IMF Regional Economic Outlook
October 2019
OUTLOOK FOR LATIN AMERICA AND THE CARIBBEAN: STUNTED BY UNCERTAINTY
CAPITAL FLOWS TO LATIN AMERICA IN THE AFTERMATH OF THE COMMODITIES SUPER-CYCLE
SOVEREIGN SPREADS AND FISCAL CONSOLIDATIONS
LABOR MARKET DYNAMICS AND INFORMALITY OVER THE BUSINESS CYCLE IN LAC
SPILLOVERS TO LATIN AMERICA FROM GROWTH SLOWDOWNS IN CHINA AND THE UNITED STATES
- Growth in Latin America and the Caribbean (LAC) has slowed from 1.0 percent in 2018 to 0.2 percent in 2019, but a tentative pick-up to 1.8 percent is expected in 2020.
- External factors remain a headwind to economic prospects in the region, led by sluggish global growth, subdued commodity prices, and volatile capital flows, although easier global financial conditions provide some respite.
- Policy uncertainty in some large LAC countries continues to be a drag on growth, while Venezuela’s economic and humanitarian crisis continues to drive large migration flows to other countries in the region.
- Against this backdrop, the LAC economies will need to rely on domestic sources of growth to accelerate the recovery, which hinges on a pickup in private consumption and investment anchored on a rebound in business and consumer confidence.
- Risks to the outlook remain skewed to the downside, including further falls in global growth and commodity prices, spikes in risk premiums, heightened domestic policy uncertainty, contagion from the financial turmoil in Argentina, and natural disasters.

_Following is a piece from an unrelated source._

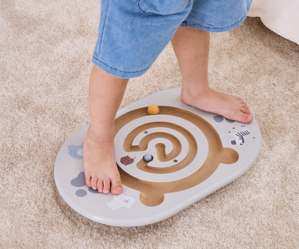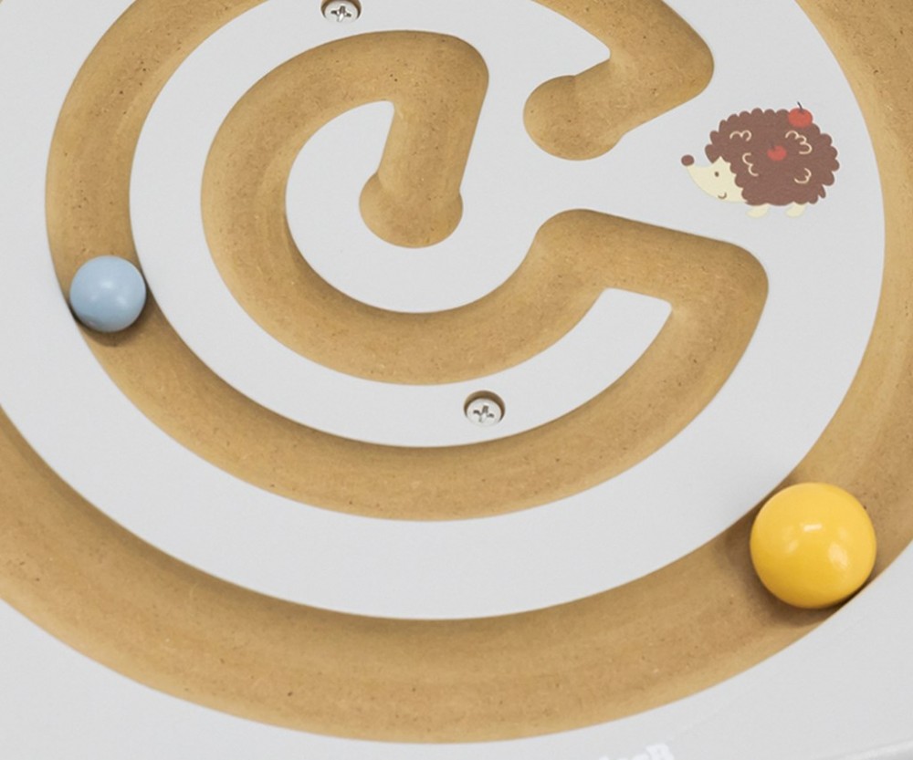Balansujúci labyrint je ideálna hračka pre deti od 4 rokov, ktorá podporuje rozvoj rovnováhy, pohybovej koordinácie a koncentrácie. Sada obsahuje balančnú dosku s vyfrézovaným labyrintom v tvare medvedíka a dve drevené guličky. Úlohou dieťaťa je pomocou balansovania posúvať guľôčku po dráhe, čím si hravou formou trénuje rovnováhu a kontrolu tela.

- Given the challenging global environment and still negative output gaps in the region, policies will need to strike a balance between supporting growth and rebuilding policy space.
- Fiscal consolidation to lower public debt remains a priority in several countries.
- Monetary policy can continue to support growth given the stable inflation outlook and well-anchored expectations.
- Corporate vulnerabilities require enhanced surveillance. Structural reforms, aimed at greater openness to trade and investment, bolstering competitiveness, and addressing stringent labor market regulations, remain an imperative.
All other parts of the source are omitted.